Java allows for the use of the reserved word var with lambda parameters, to align its syntax with the declaration of local variables, which can now use var.
Let's modify the examples from the preceding section, adding var to the lambda parameters:
(var age) -> age > 10;
(var age) -> age > 10? "Kid" : "Not a Kid";
(var age) -> {System.out.println();};
() -> {return Math.random() + "Number";};
(var name, var list) -> {
return (
list.stream()
.filter(e ->
e.getName().startsWith(name))
.map(Person::getAge)
.findFirst()
);
};
The main reason for allowing the addition of var to lambda parameters is to align the usage with the syntax of the local parameters declared using var.

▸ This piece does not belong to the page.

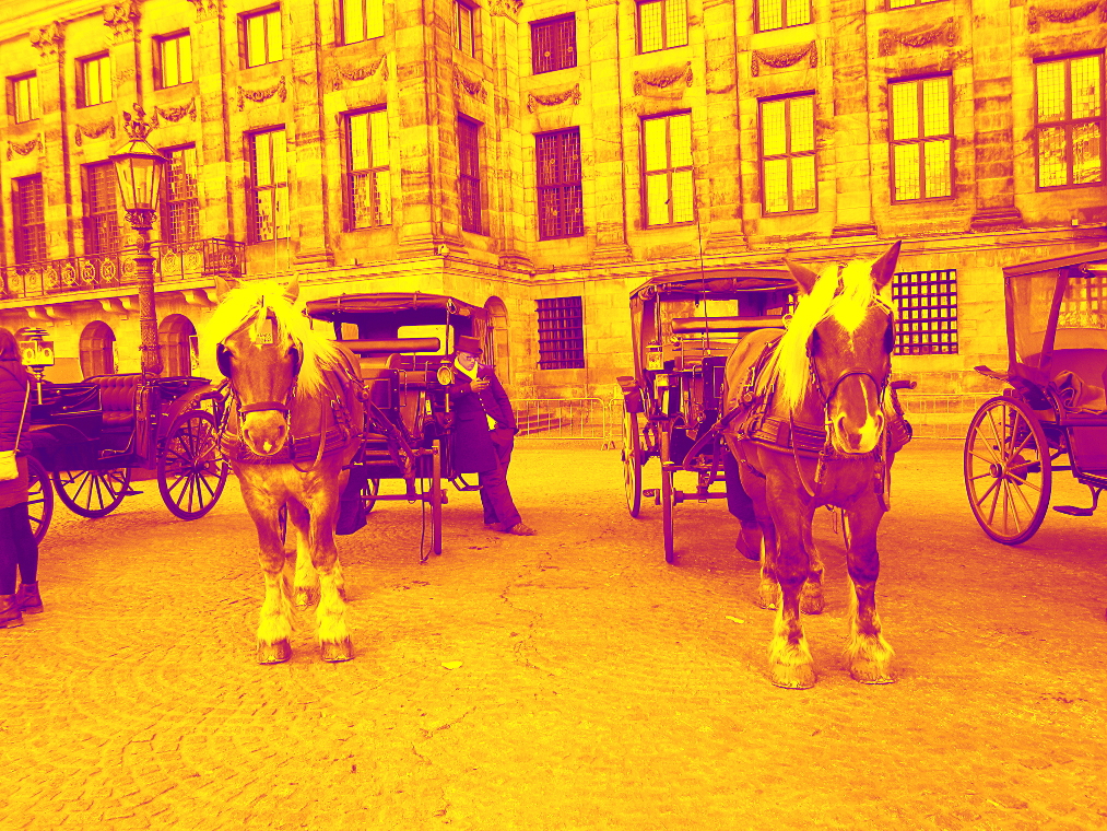 This historical image was taken by me, on the 24th of April 2018, at Dam Square in Amsterdam. My thoughts on psychedelic art are fairly well known in this group. Posterization is thought to have originated in the USSR, some time before 1950. It was originally created as a technique to reduce the amount of ink used in poster printing. In the mid 1960s, poster artists started using the technique with vibrant new ink colors, resulting in the psychedelic look now widely associated with it's use. |

If you are using var with lambda parameters, you must use it with all of the lambda parameters. You can't mix implicitly-typed or explicitly-typed parameters with the parameters that use var. The following code example won't compile:
(var x, y) -> x + y; // won't compile (var x, Integer y) -> x + y; // won't compile
You cannot enclose the parameters of a lambda expression using round brackets (()) if you are using just one method parameter. But, you can't drop () if you are using var with your lambda parameters. Here is some sample code to illustrate this further:
(int x) -> x > 10; // compiles (x) -> x > 10; // compiles x -> x > 10; // compiles (var x) -> x > 10; // compiles var x -> x > 10; // Won't compile
You can't mix implicitly-typed or explicitly-typed lambda parameters with the parameters that use var.